[ASSIGNED TASK]
Every line of the data below is to be given again as it appears, with the images removed.

[DATA BLOCK]
------------------------------

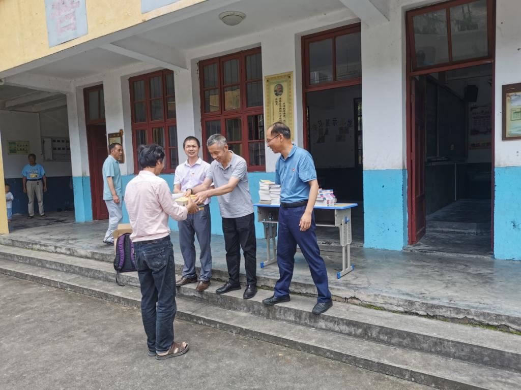 随后支部党员们前往三门桥小学,开展捐书活动,我们在教室外将党员们捐赠的书通过山水测绘党支部书记转交给该校小学校长。
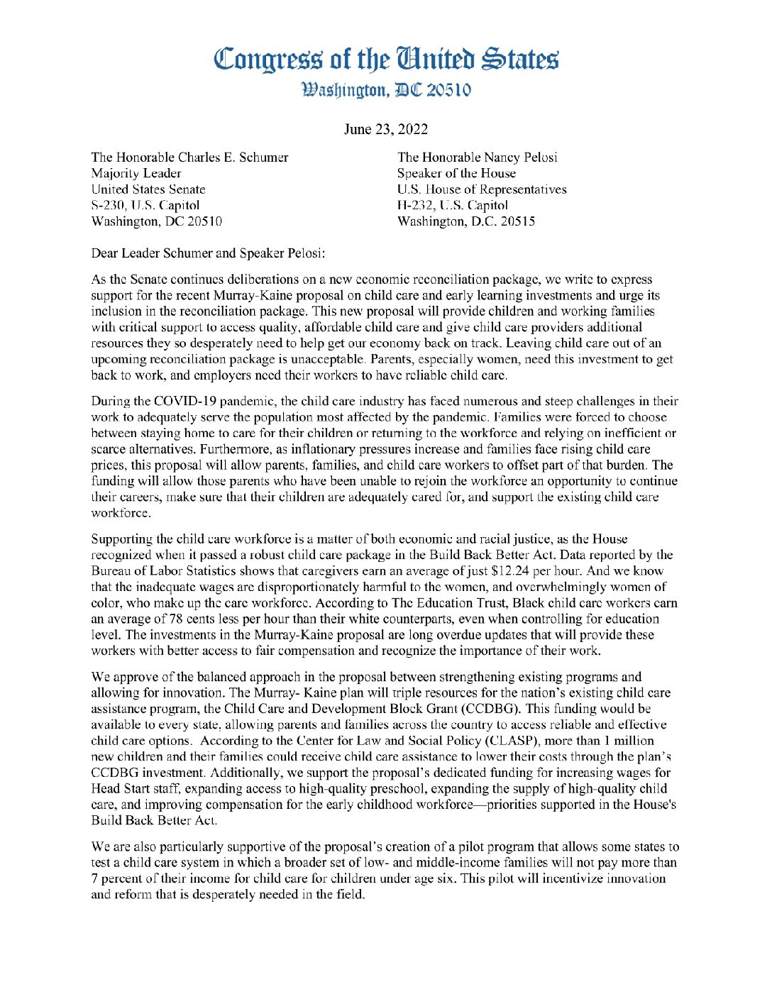 Signed by more than half of the House Democratic Caucus, the letter is co-led by Congressman Joaquin Castro (D-TX-20), founding co-chair of the Pre-K and Child Care Caucus; Congresswoman Chrissy Houlahan (D-PA-06); Congressman Jim Himes (D-CT-04), Chairman of the Select Committee on Economic Disparity Fairness and Growth; and Congressman Donald McEachin (D-VA-04).
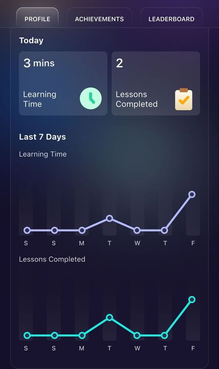 Lessons Completed Graph: Visualizes the number of lessons completed daily in the last 7 days.

------------------------------

[PROBLEM SOLUTION]
 随后支部党员们前往三门桥小学,开展捐书活动,我们在教室外将党员们捐赠的书通过山水测绘党支部书记转交给该校小学校长。
 Signed by more than half of the House Democratic Caucus, the letter is co-led by Congressman Joaquin Castro (D-TX-20), founding co-chair of the Pre-K and Child Care Caucus; Congresswoman Chrissy Houlahan (D-PA-06); Congressman Jim Himes (D-CT-04), Chairman of the Select Committee on Economic Disparity Fairness and Growth; and Congressman Donald McEachin (D-VA-04).
 Lessons Completed Graph: Visualizes the number of lessons completed daily in the last 7 days.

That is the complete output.